Answer :

Construction, Let the centre of the circle be A and radius be r.

Let the triangle be CDE. Also, join AD and AE.

Now, AD = AE = r (radius)

We know that,

The angle formed at the centre of the circle by lines originating from two points on the circle's circumference is double the angle formed on the circumference of the circle by lines originating from the same points. i.e. a = 2b.

∴ ∠OAE = 2 (∠OCE)

⇒ ∠OAE = 2 (60°) = 120°

In Δ DAE :

Draw a perpendicular bisector on DE from A say AS.

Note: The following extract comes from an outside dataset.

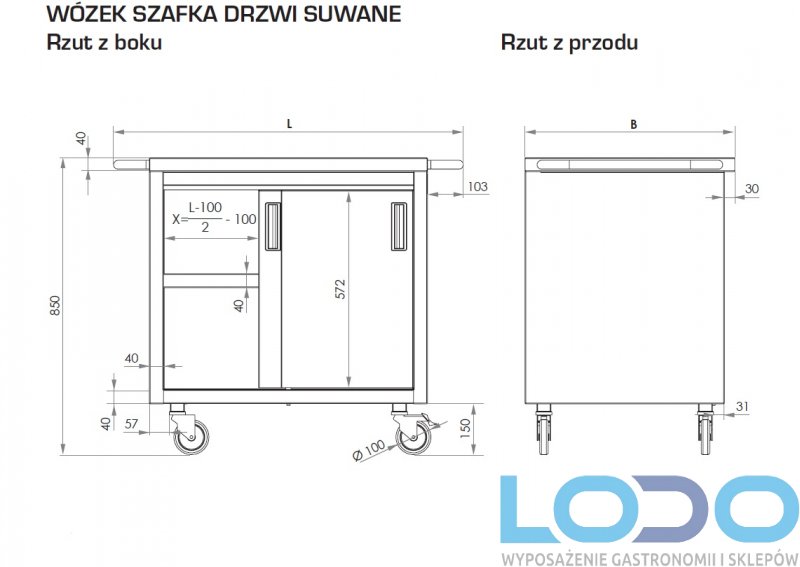 WÓZEK Z SZAFKĄ I DRZWIAMI SUWANYMI STALGAST 1000x600x850mm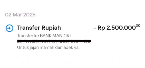 "Alhamdulillah 6juta bonus pertama bisa kirim ke kampung, semoga membawa kebahagiaan dan keberkahan untuk keluarga tercinta"

AS is a perpendicular bisector of DE.

∴ ∠DAS = ∠EAS , DS = DE and ∠ASD = ∠ASE = 90°

⇒ ∠DAE = ∠DAS + ∠EAS = 120°

⇒ ∠DAE = 2(∠DAS) = 2(∠EAS) = 120°

⇒ ∠DAS = ∠EAS = 60°

In Δ ADE,

ΔDAE is an isosceles triangle (∵ AD = AE)

∴ ∠ADE = ∠AED = δ

Now, ∠ADE + ∠DEA + ∠DAE = 180°

⇒ ∠DAE + δ + δ = 180°

⇒ 120° + δ + δ = 180°

⇒ δ = ∠ADS = 30°

We get,

∠ADS = 30° , ∠DAS = 60° and ∠DAS = 90°

We know that sides of any triangle of angles 30°, 60° and 90°

are in the ratio 1:√3:2.

⇒ AS :DS: AD = 1: √3: 2

⇒ AS :1.5 :AD = 1: √3: 2

⇒ AD = √3 cm = r

Radius of circle is √3 cm.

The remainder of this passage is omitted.